Re: [PATCH v2 6/6] crypto: lib/sha - Combine round constants and message schedule

From: Arvind Sankar
Date: Wed Oct 21 2020 - 11:16:09 EST


On Tue, Oct 20, 2020 at 09:36:00PM +0000, David Laight wrote:
> From: Arvind Sankar
> > Sent: 20 October 2020 21:40
> >
> > Putting the round constants and the message schedule arrays together in
> > one structure saves one register, which can be a significant benefit on
> > register-constrained architectures. On x86-32 (tested on Broadwell
> > Xeon), this gives a 10% performance benefit.
>
> I'm actually stunned it makes that much difference.
> The object code must be truly horrid (before and after).
>
> There are probably other strange tweaks that give a similar
> improvement.
>
> David
>

Hm yes, I took a closer look at the generated code, and gcc seems to be
doing something completely braindead.
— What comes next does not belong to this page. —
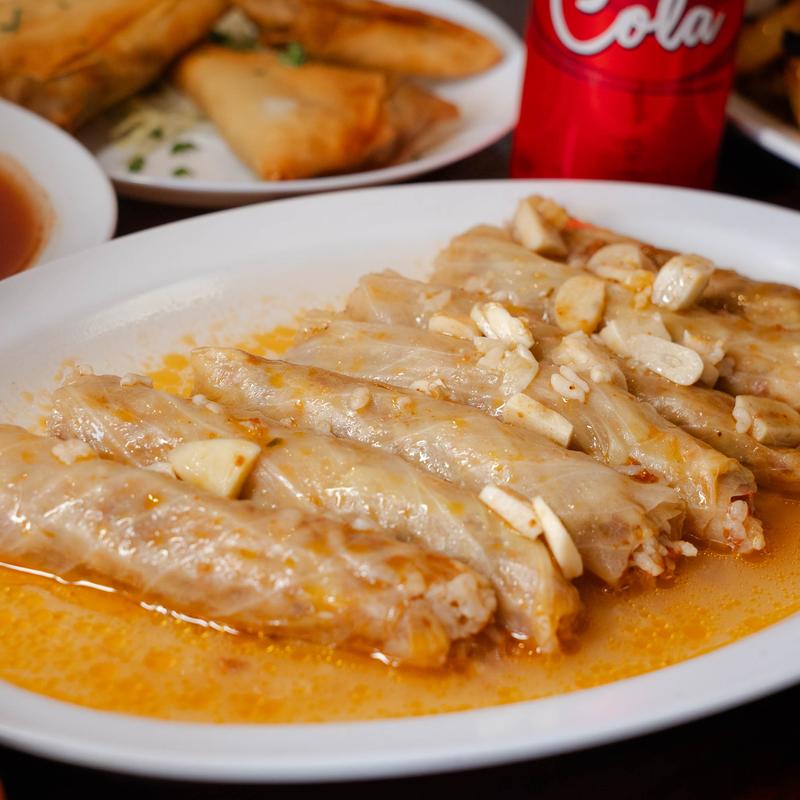 Cabbage stuffed with a mixture of ground beef, rice, tomato, mint, garlic, black pepper & seven spices.

Before this change, it actually
copies 8 words at a time from SHA256_K onto the stack, and uses those
stack temporaries for the calculation. So this patch is giving a benefit
just because it only does the copy once instead of every time around the
loop.

It doesn't even really need a register to hold SHA256_K since this isn't
PIC code, it could just access it directly as SHA256_K(%ecx) if it just
multiplied the loop counter i by 4.